Condensation Transition in Polydisperse Hard Rods

TL;DR

This paper investigates a stochastic model of polydisperse hard rods, revealing a condensation transition where a macroscopic aggregate forms beyond a critical density, linking mass transport models with polydisperse fluid behavior.

Contribution

It introduces a factorized steady state for a mass transport model of polydisperse rods, connecting stochastic dynamics with thermodynamic minimization and demonstrating a condensation transition for p>1.

Findings

Condensation transition occurs for p>1.

A macroscopic aggregate coexists with a critical fluid phase.

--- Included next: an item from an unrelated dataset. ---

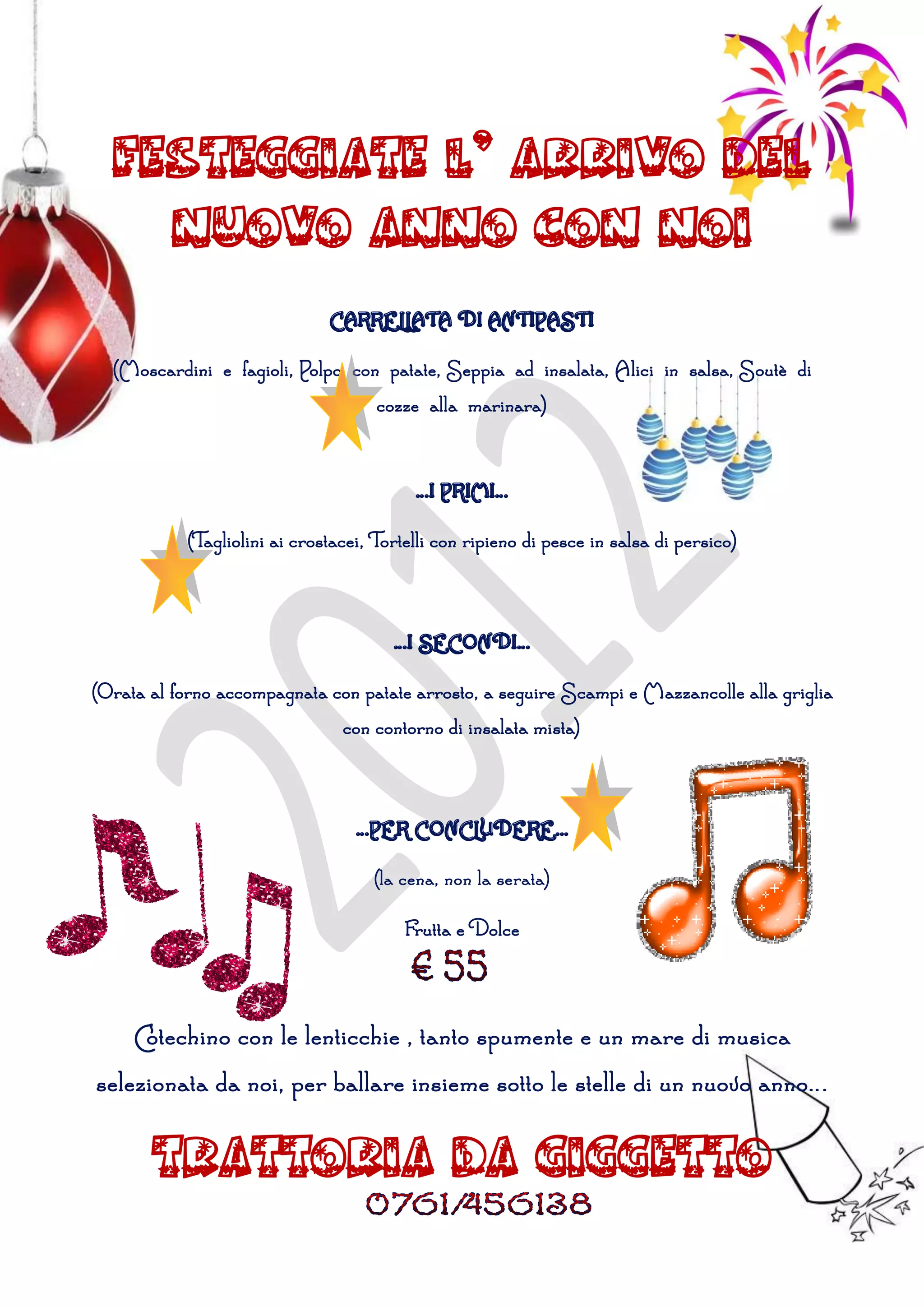 Il documento invita a festeggiare l'arrivo del nuovo anno con un ricco menu che include antipasti di mare, primi piatti a base di pesce, secondi di orata, scampi e dolci tradizionali. Il festeggiamento è accompagnato da spumante e musica per ballare sotto le stelle. L'evento si svolgerà presso la trattoria da Giggetto.

Steady state distribution aligns with free energy minimization.

Abstract

We study a mass transport model, where spherical particles diffusing on a ring can stochastically exchange volume $v$, with the constraint of a fixed total volume $V=\sum_{i=1}^N v_i$, $N$ being the total number of particles. The particles, referred to as $p$-spheres, have a linear size that behaves as $v_i^{1/p}$ and our model thus represents a gas of polydisperse hard rods with variable diameters $v_i^{1/p}$. We show that our model admits a factorized steady state distribution which provides the size distribution that minimizes the free energy of a polydisperse hard rod system, under the constraints of fixed $N$ and $V$. Complementary approaches (explicit construction of the steady state distribution on the one hand ; density functional theory on the other hand) completely and consistently specify the behaviour of the system. A real space condensation transition is shown to take place for $p>1$: beyond a critical density a macroscopic aggregate is formed and coexists with a critical fluid phase. Our work establishes the bridge between stochastic mass transport approaches and the optimal polydispersity of hard sphere fluids studied in previous articles.